What to Do When You Receive a Cancer Diagnosis

Let's not sugar coat it, a cancer diagnosis is devastating and terrifying. It is completely normal to feel overwhelmed and fearful of your future.


After your diagnosis, you may be referred to a number of different specialists, such as a Surgeon, Medical Oncologist, Radiation Oncologist, Immunologist, or Hematologist.​ The information you will receive will be vast and sometimes difficult to comprehend, but there are a number of things you can do to help:

  • Find a partner - whether it be family member, friend, or neighbor, it helps to have someone to go to your appointments with you to help retain the information you'll be receiving.

  • Get as much information as possible from your doctor about your diagnosis.

  • Ask questions - Be prepared for every appt, in order to ask your healthcare team the most helpful questions in your short appt time. Be sure to bring a pen and notepad to write everything down or record the conversation with your phone.

  • Educate yourself - stick with government or hospital websites for accurate information. Otherwise information on the internet may be inaccurate and misleading

Every cancer diagnosis is unique. Cancer varies from person to person because it is measured by several different factors. It is important to ask your doctors for as much information as possible about your individual cancer in order to ensure you are receiving optimal care.


Unless you require urgent treatment take the time to become as educated as possible before agreeing to recommended treatment(s).


Some of the most important questions to ask your doctor are the following:

1. What is the clinical stage and pathological grade of my cancer?

2. Which treatment(s) will give me the best quality of life and greatest life expectancy?

3. What other tests can I have to see if the cancer has spread?

4. How long will it take to get the results of these tests?

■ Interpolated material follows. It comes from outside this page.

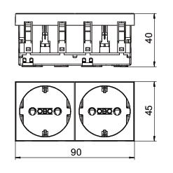 Product descriptionPower socket, double 0°, with increased touch protection with screwless terminals, 2-pin, 16 A, 250 V~, with connection terminals to IEC 60884-1.

5. Can I get a copy of the test results?

6. Can you explain the results of my complete blood count (CBC)?

7. Are there hormone receptor tests available for my type of cancer? (For example, breast cancer should always be tested for HER2 and hormone receptor status)

8. What is the outlook or prognosis for my cancer?

9. Would I be better off being treated in a more specialized center?

10. What would my life expectancy be if I didn't have any treatment?


Nobody should go through cancer alone. You deserve all of the help and support you can get throughout your treatments and beyond. Allow your friends and family to accompany you to your appointments, help you around the house or with errands, and be your shoulder to cry on.


Some people won't know what to say or do when you tell them about your diagnosis. If they ask you if there's anything they can do, take them up on it and assign them something like picking your kids up for school or helping you do groceries.


If you’re not comfortable opening up to anyone you know about your feelings, that’s where a support group or personal cancer coach can be a game changer. There are several online support groups now where you don't even have to show your face, share your real name, or even share your story. Just listening to the stories of others in a similar position as your own, can be extremely helpful.